Member of the Navajo Nation Council for the 8th District
- Incumbent
- Assumed office January 2023
- Preceded by: Nathaniel Brown

Personal details
- Born: 1993 or 1994 (age 31–32)
- Citizenship: Navajo Nation United States
- Education: Arizona State University

= Shaandiin Parrish =

American member of the Navajo Nation Council (born c.1994))

Shaandiin Parrish (born c. 1994) is an American politician and former Miss Navajo Nation serving as a member of the Navajo Nation Council since 2023. She represents the communities of Chilchinbito, Dennehotso, and Kayenta. Upon her election in 2022, she became the youngest member of the council and was part of a historic vote that saw a record number of women join the legislative body.

As Miss Navajo Nation from 2019 to 2021, Parrish was the first titleholder in history to serve for two consecutive years, a result of the COVID-19 pandemic forcing the cancellation of the 2020 pageant. During her extended reign, she worked on the front lines to distribute supplies to communities impacted by the pandemic.

== Early life and education ==
Parrish was born c. 1994 is from Kayenta, Arizona. She has one biological brother and one sister. She is Kinyaa'áanii and born for Kinyaa'áanii, with her maternal grandfather being Tódích'íi'nii and her paternal grandfather being Tábąąhá.

Parrish is a graduate of Arizona State University (ASU). She initially studied elementary education in college. In 2018, she graduated with a bachelor's degree in political science, which she earned on a Gates Millennium Scholarship. She earned a master's degree in business management from ASU.

== Career ==
Beginning in 2015, Parrish interned for three years at the Arizona Senate. She later worked as the public information officer for Arizona State Treasurer, Kimberly Yee and as a legislative district assistant for former Navajo Nation Council delegate Jonathan Hale.

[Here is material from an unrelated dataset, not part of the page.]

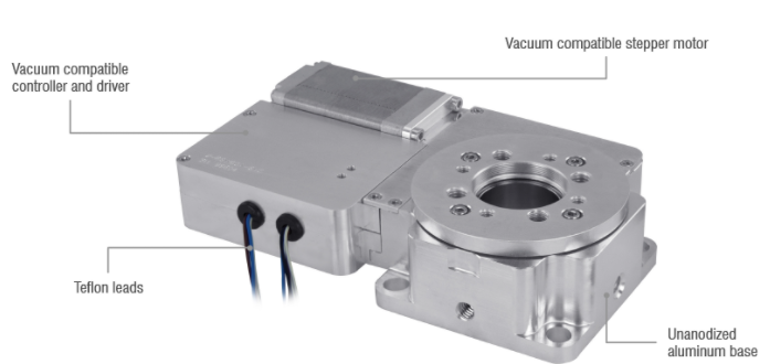 Zaber carefully scrutinize all materials that are built into their products. They replace our motors with vacuum compatible stepper motors that use Teflon leads, special windings, and vacuum compatible lubricant and greases. All of their daisy-chaining cables also utilize Teflon insulated wires.

=== Miss Navajo Nation ===
Parrish held the title of Miss Indian Arizona. In September 2019, she was crowned Miss Navajo Nation, an outcome she did not expect. Her role changed significantly after the Navajo Nation declared the COVID-19 pandemic a public health crisis. Parrish worked on the front lines with Navajo president Jonathan Nez and other leaders to distribute food, water, and hand sanitizer to communities impacted by shutdowns, including visiting parts of the Navajo Nation without running water. In June 2020, she directed traffic at a large distribution event in Ganado, Arizona. To protect her family from potential virus exposure through her work, she chose to self-isolate from them in 2020.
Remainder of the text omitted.